A Spoonful Of Regret

{Exact transcription of Lydia Willingstone’s thoughts before her death}

I’m dying.

Yes, we all are dying slowly but I’m going to exit much sooner.

I can’t hold on much longer and now that I know it, I’ve got some time to think. I want to speak about my life in a way that represents me well.

I’ve always loved penning my feelings down so I asked my neighbour Kelly for some help with this. You see, I can’t grip things properly anymore so writing or typing this on my own is out of the question.

I asked her to give it a title once I was done, so I hope she did that well. I guess I shouldn’t waste any more of my time left so here goes.

In my last few days on this bed I have thought about a lot of things. I have thought back to my childhood, my teen years, and how I entered adulthood. I can say with conviction that from my late twenties onward I lived my life with no regrets. I was completely and unabashedly myself. I no longer had to hide my identity, or be someone else in society. Even though my life considerably improved at that point, now before death, I have only been able to think about my early years.

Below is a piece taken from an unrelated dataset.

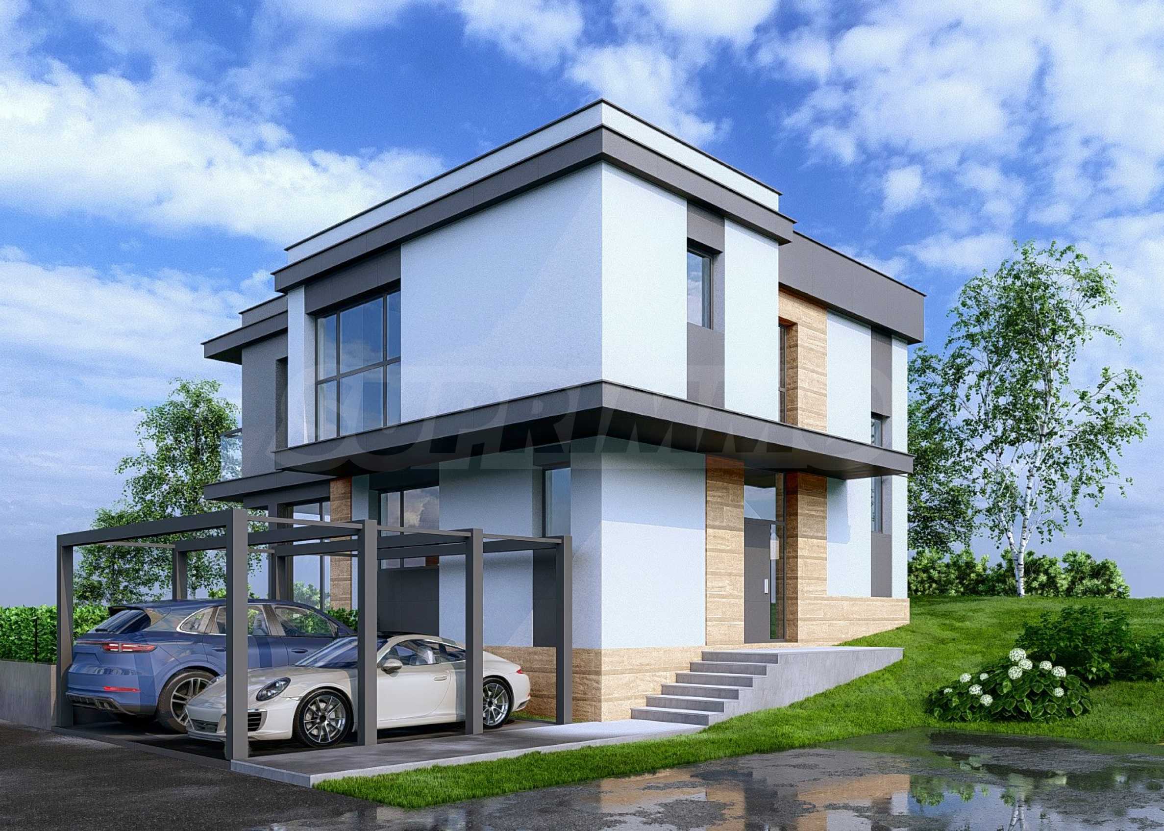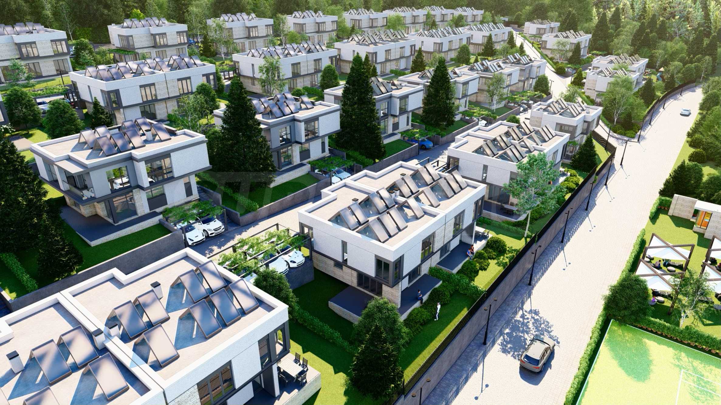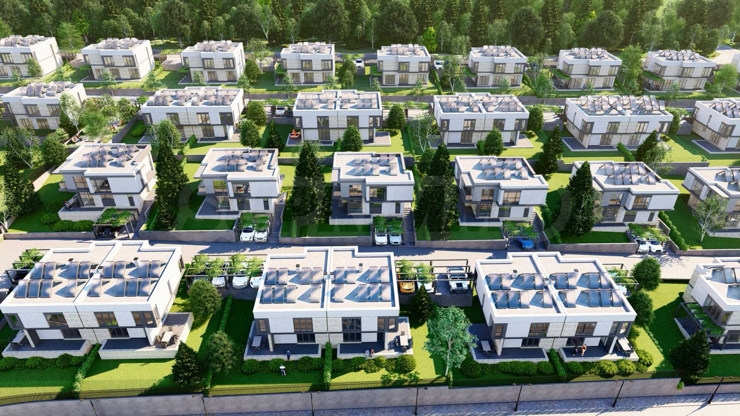 Къщите в комплекса са проектирани на два етажа в модерен изчистен стил и разполагат със собствен двор до 600 кв.м, който е идеален за релаксация или за дружески събирания на открито. Строителството е с висок клас материали и с изключителна прецизност и внимание към детайла. Уникалността на терена и разположението на отделните къщи осигуряват панорамна и успокояваща гледка на всеки имот.

I keep asking myself about regrets? Do I regret cutting so many people out of my life after school? Are there any regrets about leaving my friends behind? Is there any regret left about the lies I told to protect my identity? All these questions swirl around in my mind. I just know that I have to have clarity about my regrets before I leave.

I have spent the better part of most of these days pondering over those questions. I think I have finally realized what my answers are.

I have no regrets.

That’s it. What I did at that time in my life, I did for me. I had every right to be selfish, to be safe, to be happy, and to protect my mental health. I did it all so that I could grow into the woman that I am now. How can anyone regret that?

I understand that I hurt people, and I am sorry. I cannot make it up to you in any way. But do know that I cherish the time we spent together before things changed. I could have always acted with more tact to sever ties, it is true. That’s just how I saw the path progressing before me at the time. I also know that I wouldn’t change a thing given a second chance.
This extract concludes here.